Он был так близко к своей мечте, он смотрел ей в глаза, спрятавшись за свою маску. Он говорил с Генрихом Шульцем и генерал-лейтенантом Турчаниновым, и они его слушали. Быть может, с чем-то они и не соглашались, но они принимали его позицию. Однако стоило им узнать, что он еврей, как все от него отвернулись. Только Генрих Карлович скрыл свое презрение, да и то из уважения к Петру Андреевичу.
«Неужели это действительно правда? — подумал Герман. — Неужели свет никогда не примет меня в свой круг только из-за того, что моя мать еврейка?» Столкнувшись с циничной реальностью, которая сыграла с ним жестокую шутку, Герман хоть и не хотел этого, но все же не мог не признать: он никогда не войдет в высший свет Петербурга. И причиной тому не его бедность и низкое служебное положение, не отсутствие покровителей, а глупые предрассудки. Но как бы ни были эти предрассудки глупы и надуманны, Герман не мог отрицать: они влияли на его жизнь, и притом влияли самым решительным образом.
Герман внезапно остановился. А куда он идет? Что ему нужно? Пойти домой, лечь в кровать, укрывшись потрепанным клопами и временем одеялом, и забыться в сладостном сне, который снова перенесет его на бал-маскарад, где Герман будет блистать и найдет успех решительно у всех гостей князя Демидова.
А что потом? Поутру он проснется и обнаружит, что ничего этого не произошло. Он вновь проснется на той же прогнившей кровати в крохотной каморке, где стены покрыты плесенью, а насекомые хозяйничают, словно у себя дома. Из богатого, сверкающего бала-маскарада моментально перенестись в эту пакость… Германа передернуло от этой мысли.

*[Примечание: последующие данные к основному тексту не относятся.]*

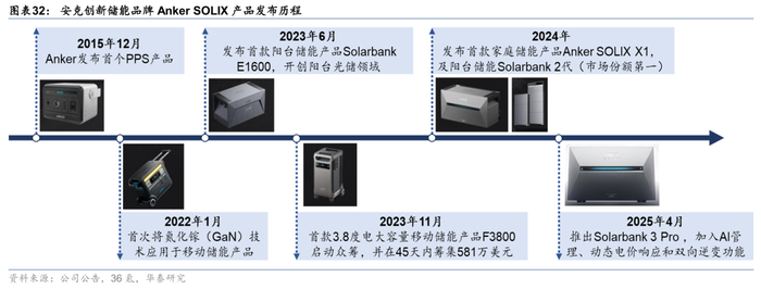 2#阳台储能:安克Anker SOLIX 3年快速赶超成为全球行业第一梯队参与者。安克从2015年开始尝试储能业务并推出了第一款储能产品便携式电站,2023年安克聚焦家庭储能行业,确立储能系列的新产品品牌名“Anker SOLIX”,2023年-2025年已发布三代Solarbank阳台储能系统,获得市场认可和成功。欧睿国际根据2024年全球销售额数据,授予Anker“全球No.1阳台储能品牌”市场地位认证,24年安克创新储能业务营业收入30.2亿元,同比+184%。
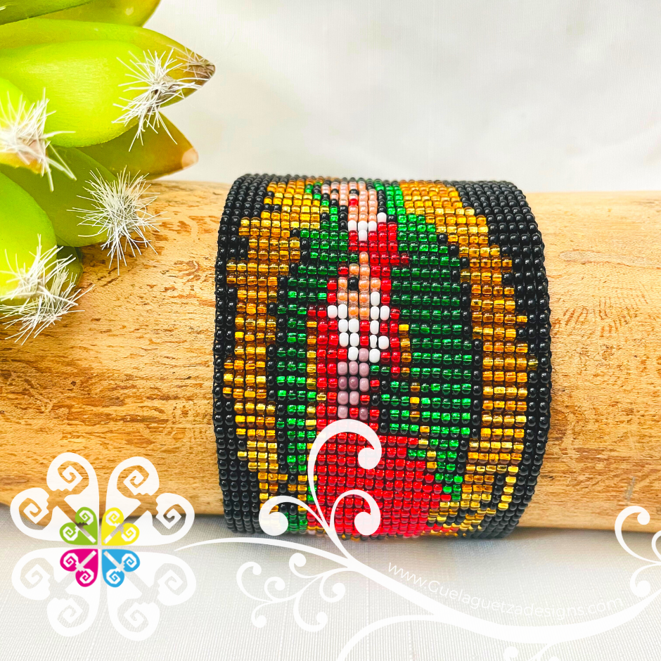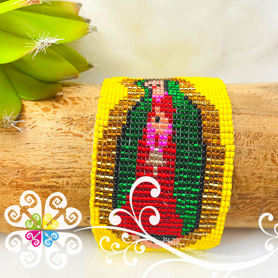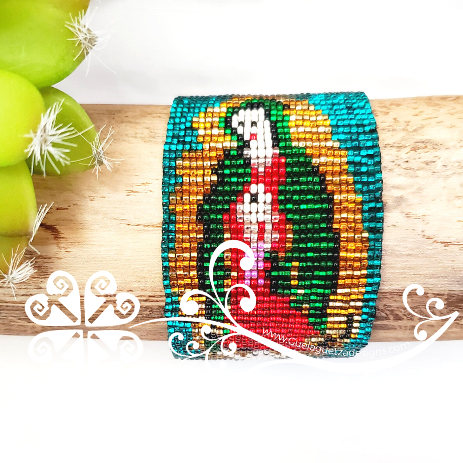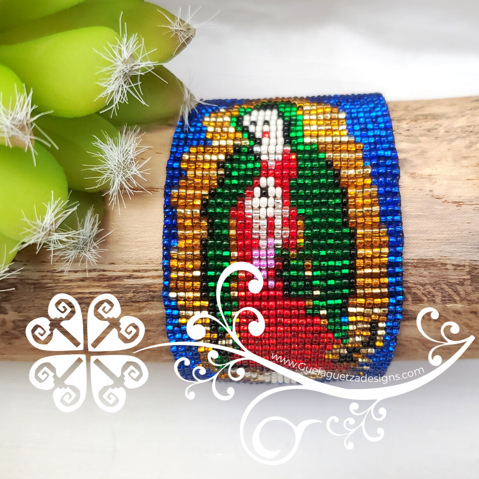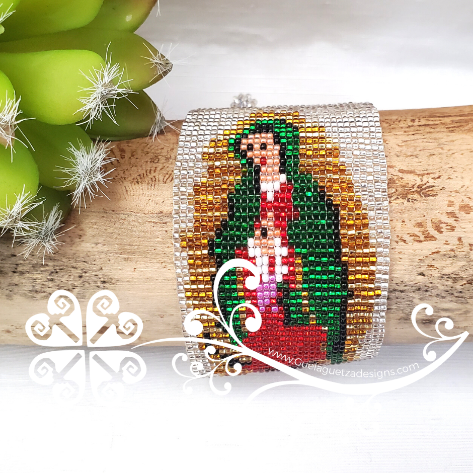 One of a kind bracelet s made with petite glass beads. Inspired on the Virgen de Guadalupe. You will love the details and colors!

Он осмотрелся. Мимо него сновали какие-то люди, кучера погоняли лошадей на мостовой, бабы спешили непонятно куда… Кто все эти люди? Мещане. Герман, хоть сам и принадлежал к этому сословию, всегда относился к нему с презрением. В министерстве их называли «городские обыватели» — ведь они действительно были обычные, ленивые столичные обыватели, которых ничто не интересовало, которые ни к чему не стремились, которые не имели великой мечты и не могли мыслить о прекрасном.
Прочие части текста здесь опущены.